### What is expected
Below are the records; extract from them the line containing "Bavlněné plátno - Chrpy" to the line containing "Product Product Product", both lines included, exactly and with no pictures.

### Data under study
........

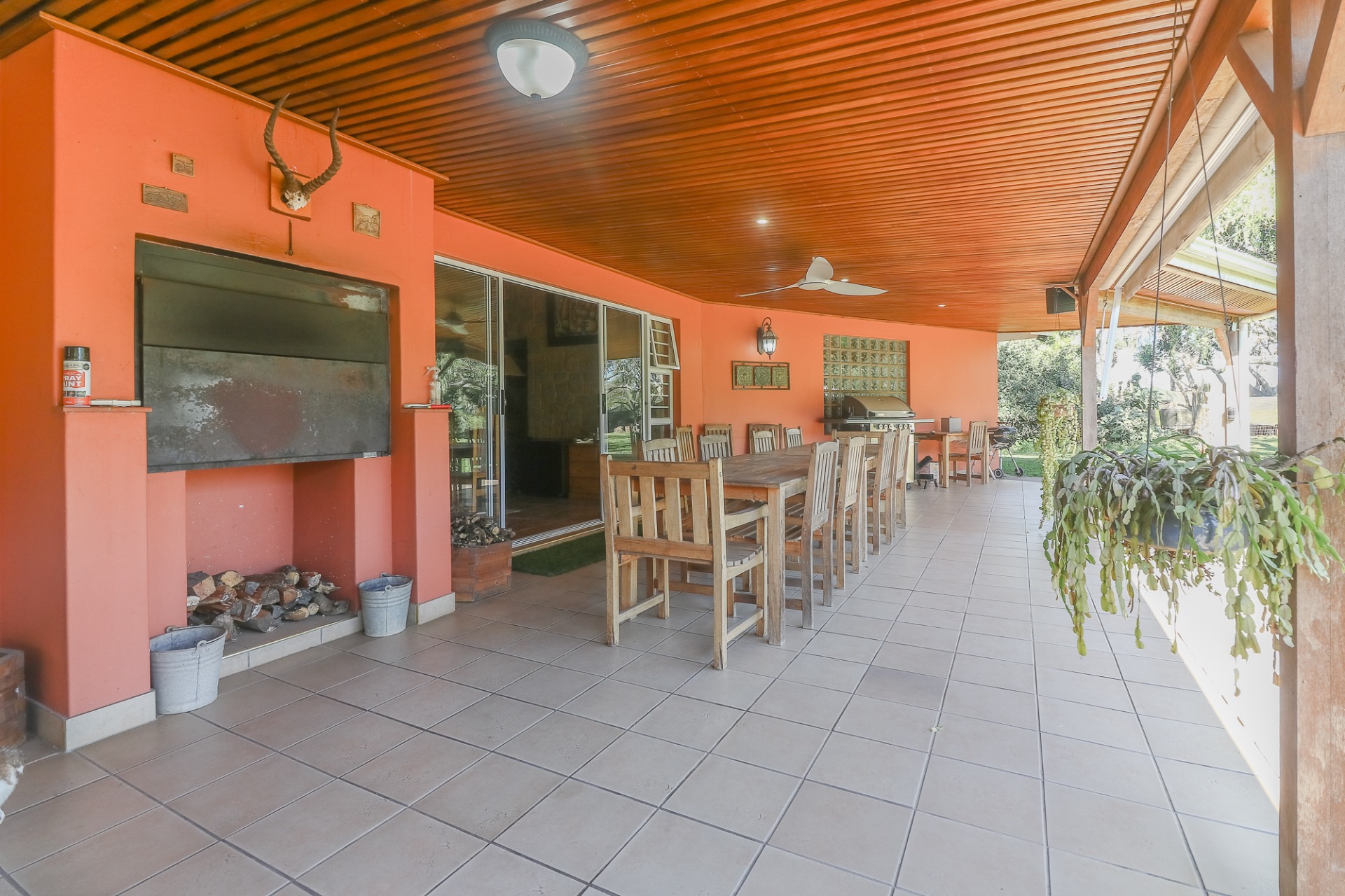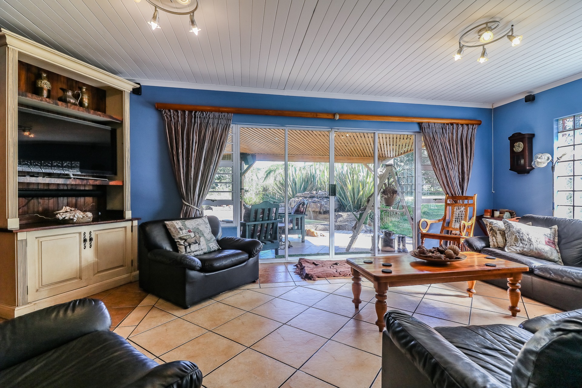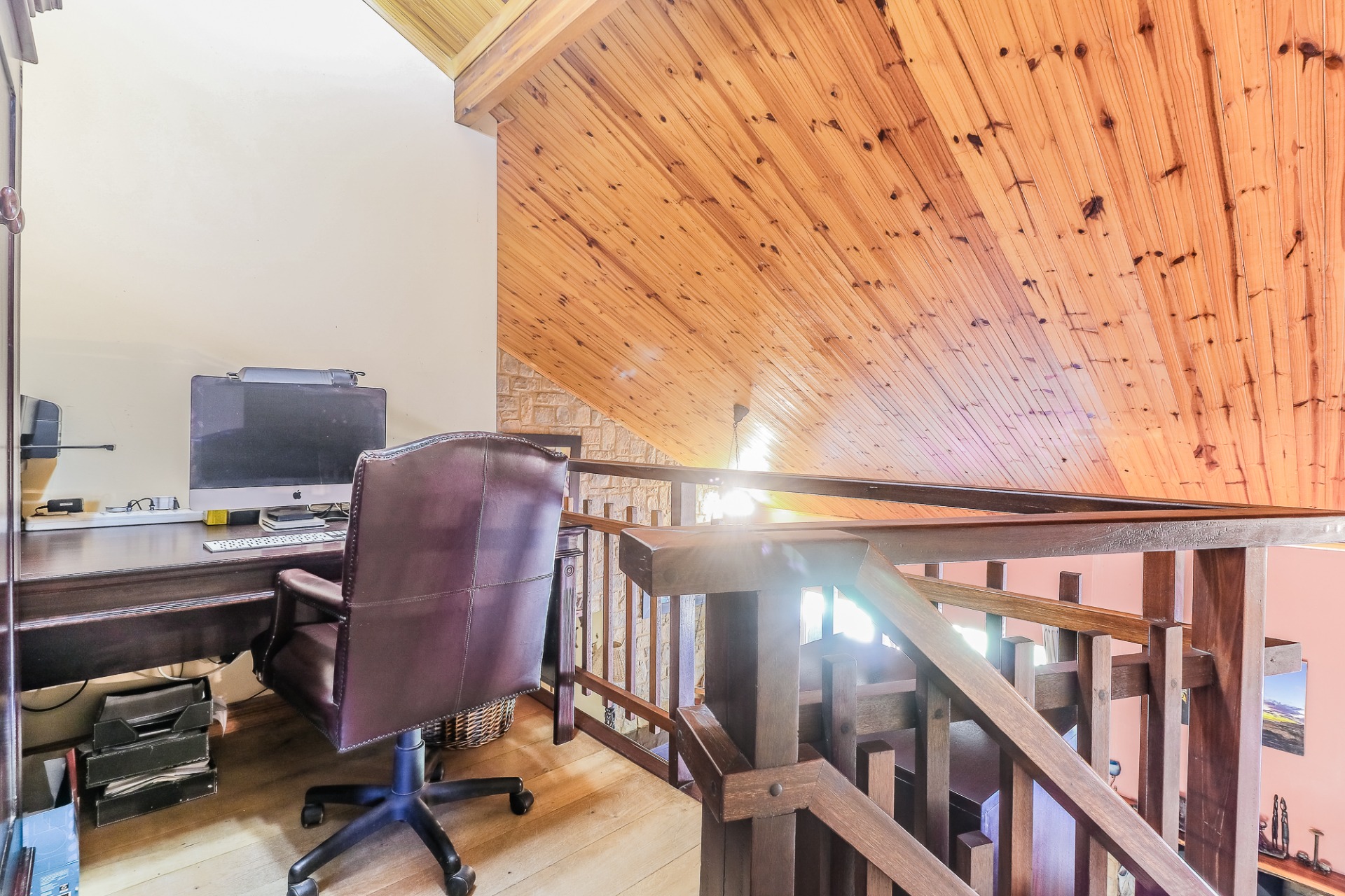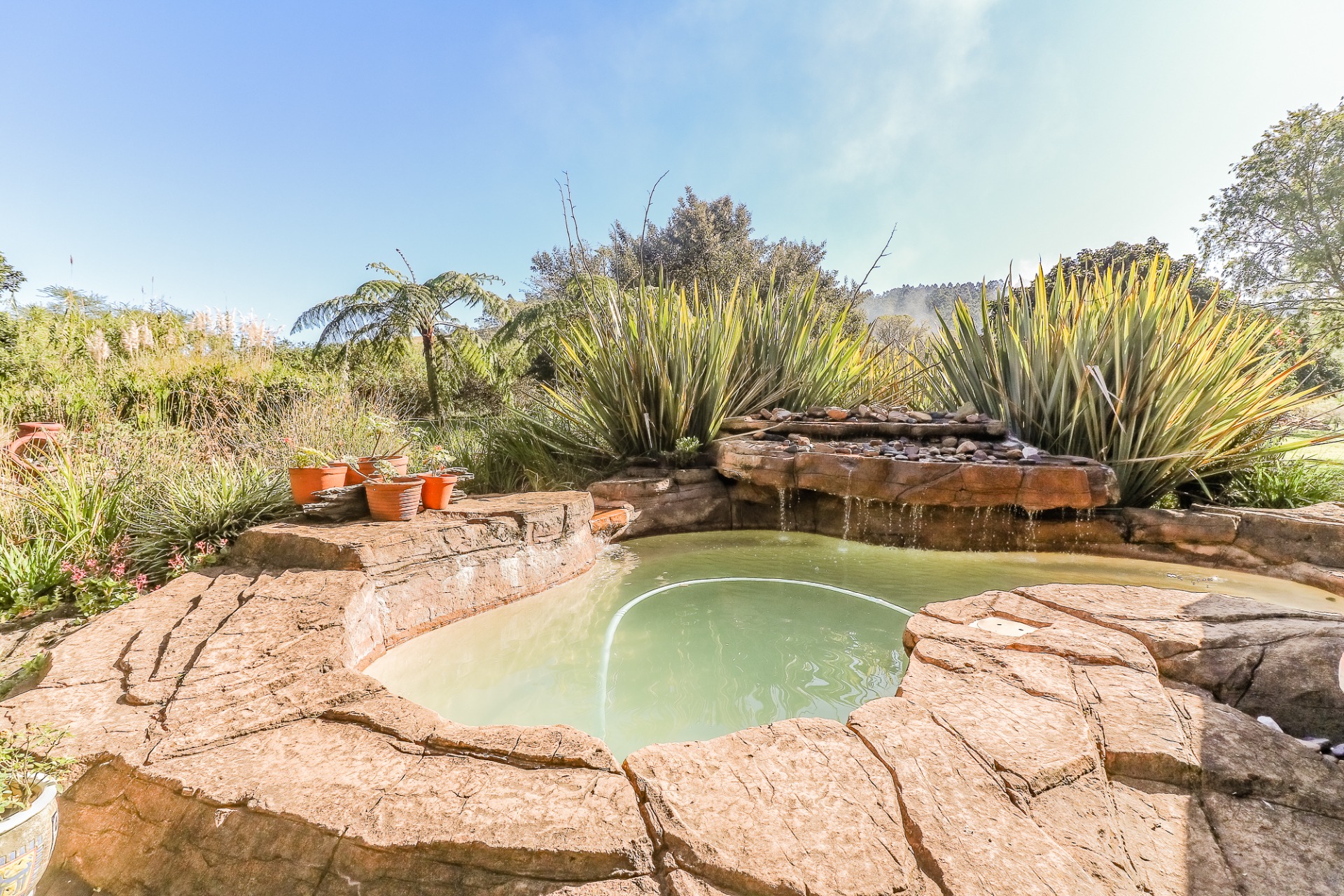 The pub, open plan dining room & lounge with feature fireplace offer warmth, charm & opens onto a deep all weather verandah with built braai. Accessed via large sliding glass doors, It runs the entire length of the house & extends onto the garden with pool & feature waterfall.
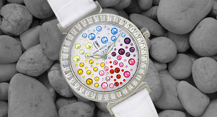 A questa natura ricca, incontaminata, alla sua esplosione di colori si ispirano gli orologi Capri Watch. I quadranti tempestati di cristalli Swarovski sono un richiamo al blu del mare di Capri che si mescola alle tonanità cristalline del verde smeraldo e dell’indaco, al rosso dei tramonti che sfuma nel giallo e nell’ocra, fino a confondersi con il fucsia. Tutto all’insegna delle atmosfere gioiosamente informali e raffinatamente scanzonate di cui Capri è diventata simbolo e che la nuova Rossella Collection esprime.
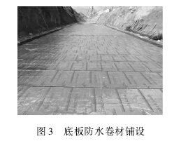 防水卷材的搭接部位采用自粘密封的方式,同一相鄰兩幅卷材短邊搭接縫錯開的距離不應小于500 mm。上下兩層和相鄰兩幅卷材的接縫應錯開1 /3一1 /2幅寬,且兩層卷材不得相互垂直鋪貼。鋪設時排除卷材下面的空氣,輥壓粘貼牢固。底板防水卷材鋪設見圖3。
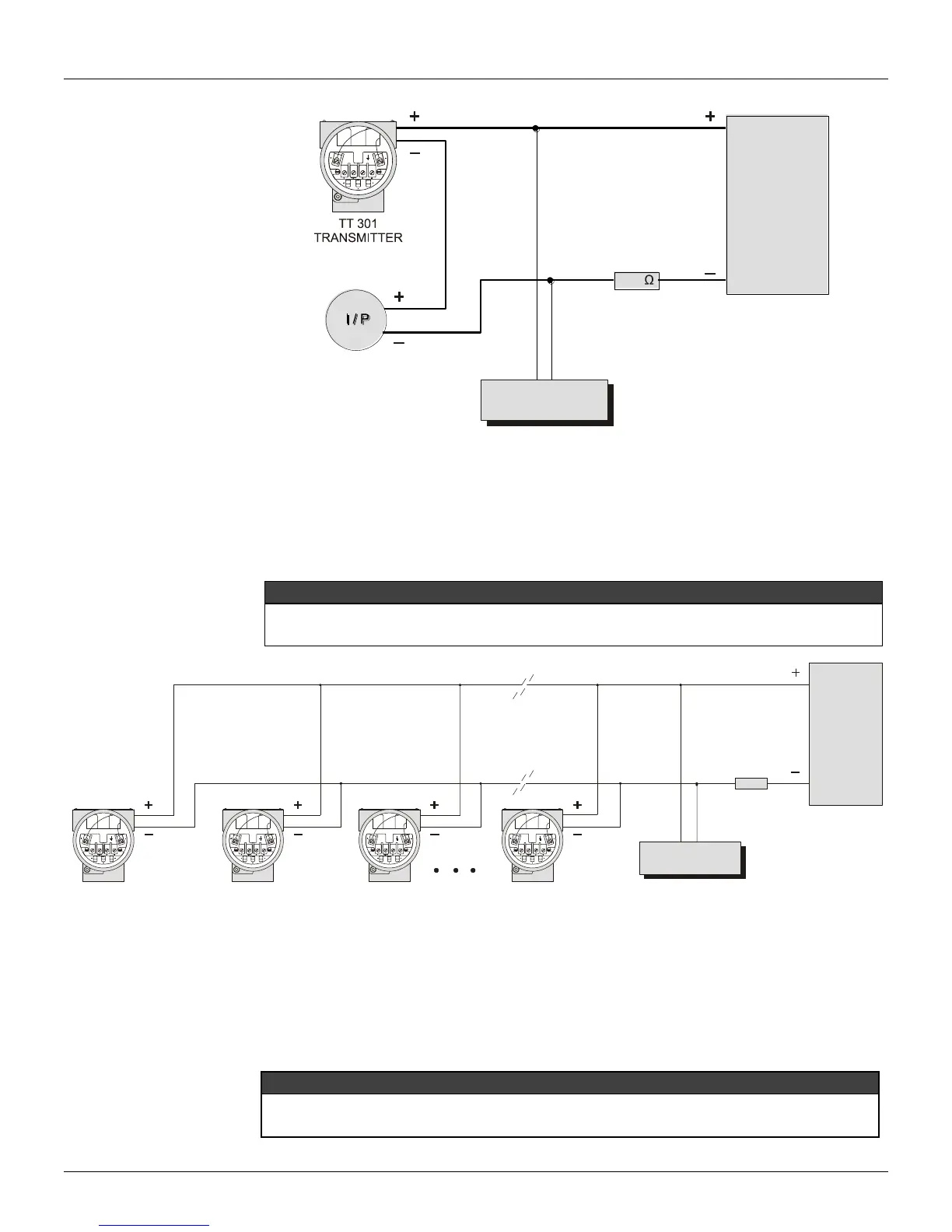 Connection of the TT301 in multidrop configuration should be done as in Figure 1.6. Note that a
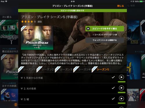 iPadのAmazonプライムビデオのアプリを起動したら、最近追加されたTV番組のはじめにプリズン・ブレイクシーズン5がリストされてて、あれ?って思ってタップしてみたら、 プリズンブレイクのシーズン5の吹き替え版が表示されました。 とすると、字幕版もそう…
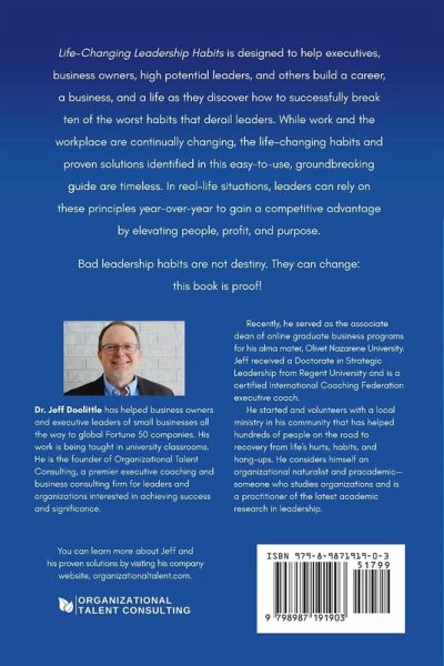 Life-Changing Leadership Habits is designed to help executives, business owners, high potential leaders, and others build a career, a business, and a life as they discover how to successfully break ten of the worst habits that derail leaders. While work and the workplace are continually changing, the life-changing habits and proven solutions identified in this easy-to-use, groundbreaking guide are timeless. In real-life situations, leaders can rely on these principles year-over-year to gain a competitive advantage by elevating people, profit, and purpose. Bad leadership habits are not destiny. They can change: this book is proof!
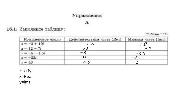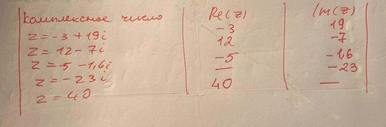 Ошибка. Число i- мнимая единица, она не входит в мнимую часть. Во втором столбике не должно быть буквы i. И вместо прочерков должен стоять ноль.
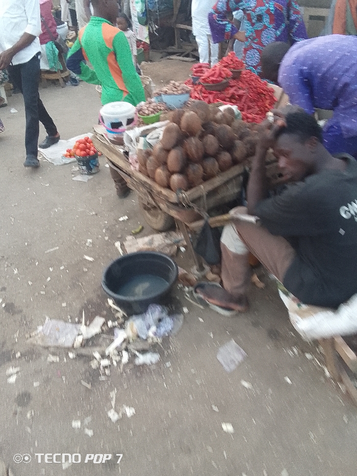 A man sits beside a wooden cart laden with coconuts, red peppers, onions, and tomatoes. The scene is a busy street market with other people milling about. A black bucket containing water rests on the ground, surrounded by debris and refuse. The man appears weary, resting his head in his hands. The overall impression is one of urban commerce with a focus on the man selling his wares in the crowded marketplace.
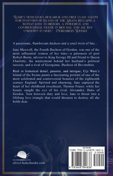 A PASSIONATE, FLAMBOYANT DUCHESS AND A CRUEL TWIST OF FATE... Jane Maxwell, the Fourth Duchess of Gordon, was one of the most influential women of her time-a patroness of poet Robert Burns, advisor to King George III and friend to Queen Charlotte, the mastermind behind her husband's political success, and a rival of Georgiana, Duchess of Devonshire. Rich in historical detail, passion, and intrigue, Ciji Ware's Island of the Swans paints a fascinating portrait of one of the most celebrated and controversial beauties of the eighteenth century England. Spirited and charming, Jane captured the heart of her childhood sweetheart, Thomas Fraser, while her beauty caught the eye of his rival, Alexander, Duke of Gordon. Torn between duty and love, Jane is thrust into a lifelong love triangle that would threaten to destroy all she holds dear.
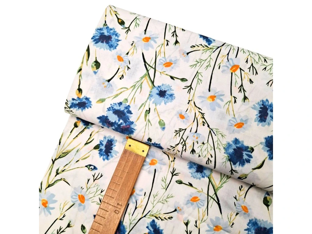 Bavlněné plátno - Chrpy na bílé - šíře 160cm/1bm
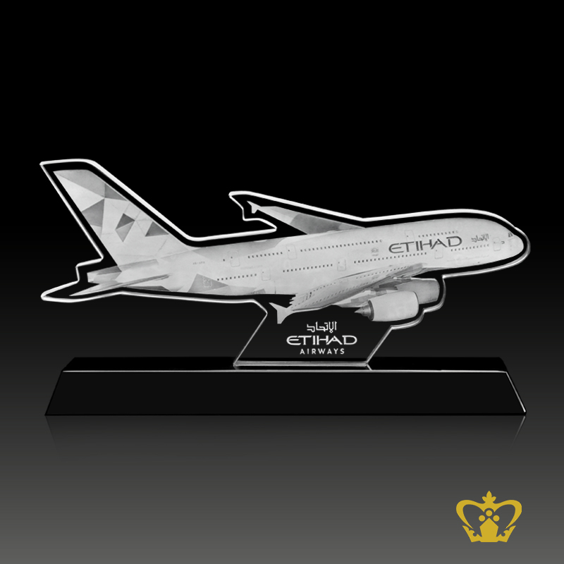 Personalized-Crystal-Cutout-of-Etihad-Aeroplane-Customized-Text-Engraving-Logo-Base-UAE-Famous-Gifts Product Product Product
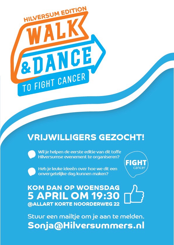 Stel je voor... dat we met z'n allen een tof evenement organiseren om heel veel geld in te zamelen voor kankeronderzoek. Samen met de in Hilversum gevestigde stichting, Fight cancer, willen wij een Walk & Dance to Fight cancer organiseren in Hilversum in oktober 2023. Een gesponsorde loop van 25km (of 5km) met aan het einde een mooi dansfeest om de prestaties van de deelnemers te vieren! De wandeling zal door de mooiste plekjes van Hilversum gaan, en we zijn op zoek naar een ongewone en onvergetelijke Hilversumse locatie om het evenement af te sluiten. We willen het een evenement maken door Hilversummers voor Hilversummers. Deze ziekte raakt zoveel mensen (omdat ze het zelf gehad hebben, of omdat ze iemand kennen die het gehad heeft) dat we iedereen de mogelijkheid willen geven om bij te dragen - als deelnemer of als donateur, als sponsor of als vrijwilliger - om het evenement mogelijk te maken. We zijn op zoek naar mensen om ons team te versterken. Vind je het leuk om de social media bij te houden, is het voor jou een uitdaging om sponsors te werven of is organisatie en veiligheid helemaal jou ding? Of wil je graag op een andere manier bijdragen? Dan zijn we op zoek naar jou! Doe jij met ons mee? Neem dan contact met me op via sonja@hilversummers.nl. Samen gaan we er een fantastisch evenement van maken!
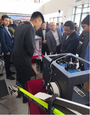 科技厅莫重明厅长聆听我院学子介绍作品(摄影:贾富华)
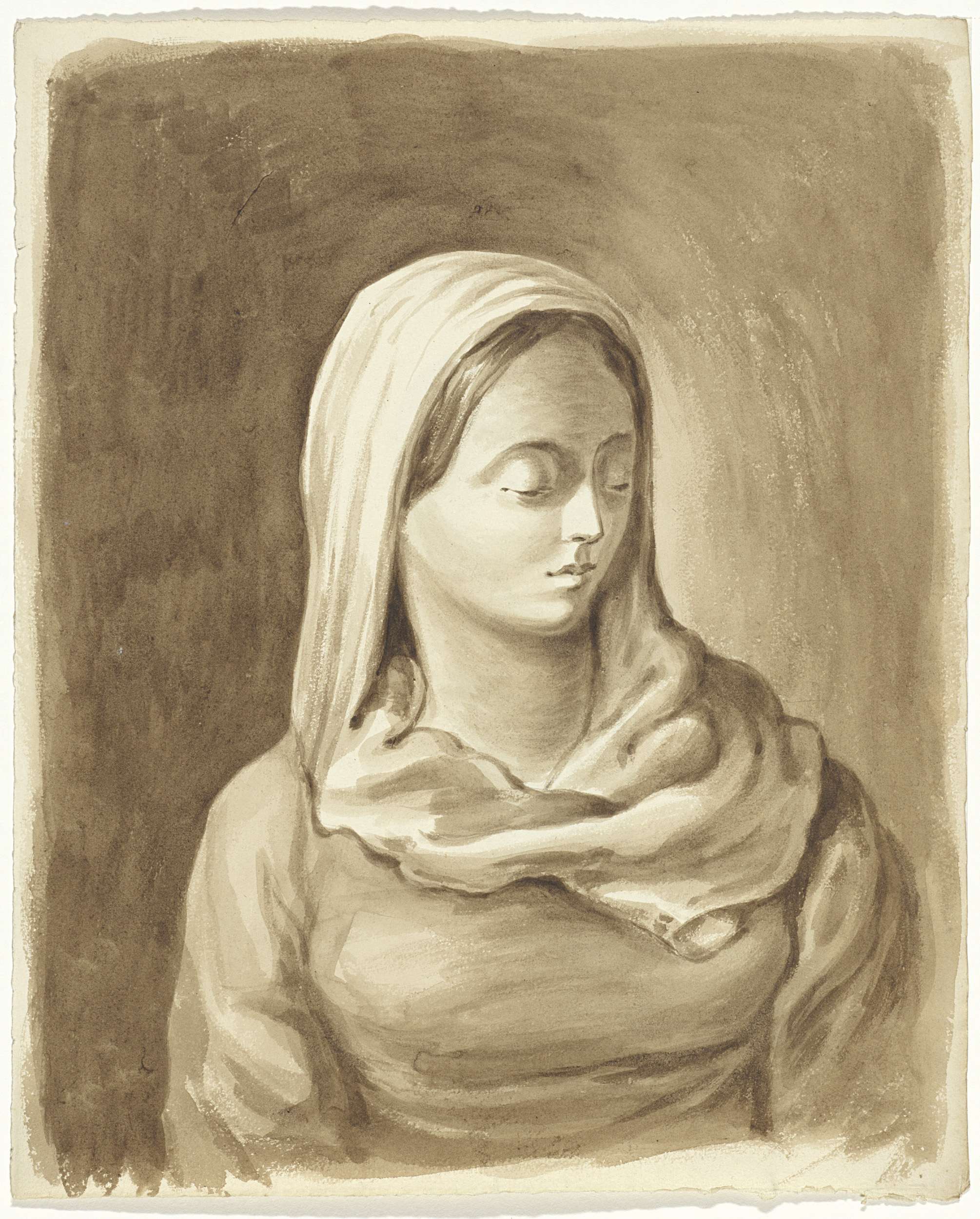 Vrouw met hoofddoek, ten halven lijve
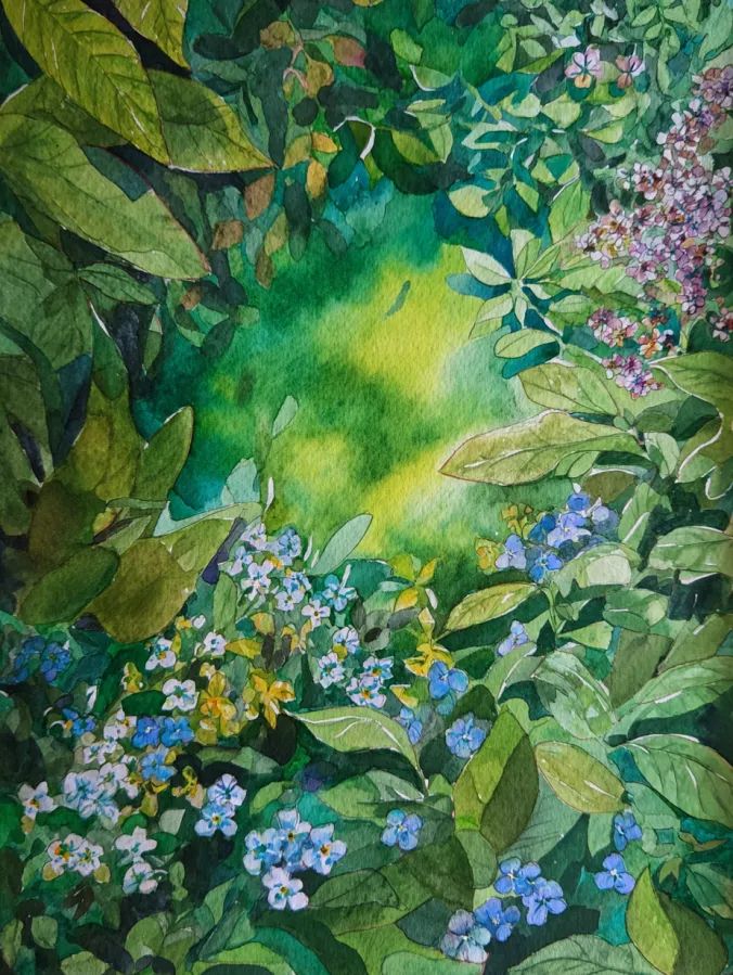 This watercolor painting feels like peeking into a secret garden, with layered green leaves wrapping gently around a glowing open center. The foliage is painted in rich emerald, olive, and soft moss tones, while delicate blue and pink flowers are tucked throughout for pops of color. Brush strokes stay loose but intentional, letting shapes overlap naturally and creating depth without harsh lines. The open center acts like a soft focal point, making the whole composition feel balanced, airy, and inviting.

........

### Response to the task
 Bavlněné plátno - Chrpy na bílé - šíře 160cm/1bm
 Personalized-Crystal-Cutout-of-Etihad-Aeroplane-Customized-Text-Engraving-Logo-Base-UAE-Famous-Gifts Product Product Product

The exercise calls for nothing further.